Victoria McKennon: Girl With Cystic Fibrosis Heartbroken As School Bars Her From Graduation


Victoria McKennon has already lived longer than many young people with the genetic disease cystic fibrosis, but at age 17 there is just one thing she wants to do right now — but her Plano, Texas, high school won’t let her do it.

All Victoria wants to do is walk on stage at her graduation with her friends.

The problem is, her condition — a disease which can cause severe respiratory and digestive symptoms, among other debilitating effects — has forced the otherwise hard-working student to spend so much time in hospitals or just absent from school that, with her long-awaited graduation day now just around the corner, Victoria remains a single credit shy of the 24 required in Texas for graduation.

She plans to make up that one, last class in summer school a few months away. But all she wants right now is to get up on that stage with her friends — after all she’s been through.

“I’ve had this entire ceremony thought of in mind, at the big place and all my friends walking on stage, and then after you get off, you’re like, ‘Whoa! I’m done with high school,'” she says, envisioning the moment she wants only to share with her classmates. “‘This is great!'”

But she feels the school is treating her as if she spent the past several years cutting class.

“My absences are excused,” the feisty teen points out. “But they don’t want me to walk the stage.”

Plano Senior High School says its hands are tied. No 24 credits, no graduation. Period.

The school has offered Victoria a separate ceremony later in the summer, but it’s not just about the diploma for her — graduation is an experience she’s worked hard to earn.

“I don’t know how long Victoria is going to live. Of course we always aim for the moon, the sky, and the stars, but in reality her life span is limited, and so every experience is very important for her,” her mom Grace McKennon said in a TV interview.

While many cystic fibrosis sufferers pass away in childhood, those who live to be adults now have an average life expectancy of 37 years.

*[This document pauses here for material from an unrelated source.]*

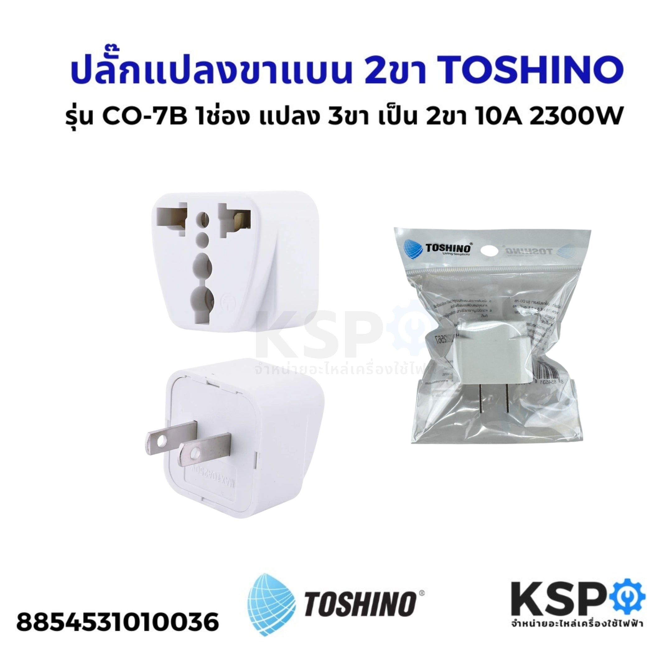 ปลั๊กแปลงขาแบน 2 ขา TOSHINO รุ่น CO-7B ออกแบบมาเพื่อแปลงจาก 3 ขาเป็น 2 ขาแบน ซึ่งเหมาะสำหรับการใช้งานในประเทศที่มีปลั๊กไฟ 3 ขาและต้องการใช้งานกับอุปกรณ์ที่ใช้ปลั๊ก 2 ขาแบน มีความทนทาน รองรับกำลังไฟฟ้าได้ถึง 2300 วัตต์และกระแสไฟสูงสุดที่ 10A ออกแบบให้มีขนาดเล็ก พกพาสะดวก เหมาะสำหรับการเดินทางไปต่างประเทศและใช้งานกับอุปกรณ์ต่างๆ

After her story received a wave of publicity, the school offered her the chance to work overtime to get that last credit before June, when the Plano graduation is scheduled. But that plan won’t work if Victoria is forced back into the hospital, which could happen at any time with teenage cystic fibrosis patients.

The school still refuses to guarantee that Victoria will be allowed to take part in graduation, no matter what, which is what Victoria and her parents are asking. They say they have even filed a civil rights complaint, saying that the school is discriminating against the girl because of her dsability.

“I strive really hard to be a normal kid, and I want to be seen as a normal kid,” Victoria McKennon said. “That’s why graduation is important to me.”